Note, I am using an older version of pytorch, 0.3.0.
The only way I know to perform a convolution in pytorch (without
writing your own convolution logic) is to create an appropriate
torch.nn.Conv2d and apply it to your appropriately-reshaped data.

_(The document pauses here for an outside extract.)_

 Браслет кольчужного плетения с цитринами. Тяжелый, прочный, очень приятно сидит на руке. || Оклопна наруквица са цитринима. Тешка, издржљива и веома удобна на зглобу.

(Newer versions of pytorch may offer greater flexibility.)
Here is a hopefully self-explanatory script:
import torch
torch.__version__
mg_data = [
[10, 10, 10, 0, 0, 0],
[10, 10, 10, 0, 0, 0],
[10, 10, 10, 0, 0, 0],
[10, 10, 10, 0, 0, 0],
[10, 10, 10, 0, 0, 0],
[10, 10, 10, 0, 0, 0]
]
f_data = [
[1, 0, -1],
[1, 0, -1],
[1, 0, -1]
]
mg_data = torch.autograd.Variable (torch.FloatTensor (mg_data))

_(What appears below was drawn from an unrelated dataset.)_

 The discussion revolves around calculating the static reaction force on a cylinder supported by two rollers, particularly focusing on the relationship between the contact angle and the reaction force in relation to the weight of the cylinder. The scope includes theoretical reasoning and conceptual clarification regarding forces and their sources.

f_data = torch.FloatTensor (f_data)
# create convolution -- stride and padding are 1 and 0 by default
cnv = torch.nn.Conv2d (1, 1, 3) # randomly initialized convolution layer
# set kernel to f_data and bias to 0
cnv.weight.data = f_data.unsqueeze (0).unsqueeze (0) # add singleton channels dimensions
cnv.bias.data.zero_()
# check convolution
cnv.weight
cnv.bias
# apply convolution to mg_data
output = cnv (mg_data.unsqueeze (0).unsqueeze (0)) # add singleton batch and channel dimensions
output # output is a Variable with some singleton dimensions
output.squeeze().data.tolist() # remove singleton dimensions and convert to python list
Here is the output:
>>> import torch
>>> torch.__version__
'0.3.0b0+591e73e'
>>>
>>> mg_data = [
... [10, 10, 10, 0, 0, 0],
... [10, 10, 10, 0, 0, 0],
... [10, 10, 10, 0, 0, 0],
... [10, 10, 10, 0, 0, 0],
... [10, 10, 10, 0, 0, 0],
... [10, 10, 10, 0, 0, 0]
... ]
>>>
>>> f_data = [
... [1, 0, -1],
... [1, 0, -1],
... [1, 0, -1]
... ]
>>>
>>> mg_data = torch.autograd.Variable (torch.FloatTensor (mg_data))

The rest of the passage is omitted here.